Each line below from the one containing "统计数据显示,电子行业所有公" through the one containing "運ばれてきたプレートは温かみのある色合いにDick Bruna TABLEのロゴマークとミッフィーデザインが!" is to be given again exactly, and no line outside that span.

··· EXERCISE MATERIALS ···

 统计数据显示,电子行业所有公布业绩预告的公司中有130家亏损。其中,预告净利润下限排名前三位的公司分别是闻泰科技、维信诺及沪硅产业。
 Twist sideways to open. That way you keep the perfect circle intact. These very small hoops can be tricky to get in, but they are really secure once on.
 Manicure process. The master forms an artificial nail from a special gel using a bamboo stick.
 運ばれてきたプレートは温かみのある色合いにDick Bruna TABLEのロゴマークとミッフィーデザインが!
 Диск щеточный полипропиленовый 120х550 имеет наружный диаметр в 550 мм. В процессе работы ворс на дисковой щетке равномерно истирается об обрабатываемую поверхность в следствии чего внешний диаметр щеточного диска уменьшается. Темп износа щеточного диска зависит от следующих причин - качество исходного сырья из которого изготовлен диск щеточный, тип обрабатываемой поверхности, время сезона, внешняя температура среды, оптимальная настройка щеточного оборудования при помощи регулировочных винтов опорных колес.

···
··· EXERCISE MATERIALS ···

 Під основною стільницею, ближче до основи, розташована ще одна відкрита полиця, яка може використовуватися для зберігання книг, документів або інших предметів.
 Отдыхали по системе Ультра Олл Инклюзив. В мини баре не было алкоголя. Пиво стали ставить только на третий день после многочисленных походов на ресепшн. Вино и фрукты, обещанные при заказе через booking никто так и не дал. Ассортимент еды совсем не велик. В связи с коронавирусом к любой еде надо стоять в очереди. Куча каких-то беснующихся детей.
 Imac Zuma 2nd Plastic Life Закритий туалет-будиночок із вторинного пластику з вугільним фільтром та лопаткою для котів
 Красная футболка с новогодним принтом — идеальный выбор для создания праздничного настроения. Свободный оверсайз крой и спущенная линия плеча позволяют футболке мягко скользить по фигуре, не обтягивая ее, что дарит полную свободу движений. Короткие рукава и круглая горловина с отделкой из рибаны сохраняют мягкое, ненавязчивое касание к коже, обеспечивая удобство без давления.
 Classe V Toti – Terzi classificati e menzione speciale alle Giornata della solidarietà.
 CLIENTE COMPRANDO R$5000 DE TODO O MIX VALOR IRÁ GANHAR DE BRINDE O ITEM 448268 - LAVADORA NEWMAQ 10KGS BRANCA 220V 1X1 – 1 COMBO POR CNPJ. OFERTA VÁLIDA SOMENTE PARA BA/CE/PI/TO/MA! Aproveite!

···

▶ WRITTEN RESPONSE
 统计数据显示,电子行业所有公布业绩预告的公司中有130家亏损。其中,预告净利润下限排名前三位的公司分别是闻泰科技、维信诺及沪硅产业。
 Twist sideways to open. That way you keep the perfect circle intact. These very small hoops can be tricky to get in, but they are really secure once on.
 Manicure process. The master forms an artificial nail from a special gel using a bamboo stick.
 運ばれてきたプレートは温かみのある色合いにDick Bruna TABLEのロゴマークとミッフィーデザインが!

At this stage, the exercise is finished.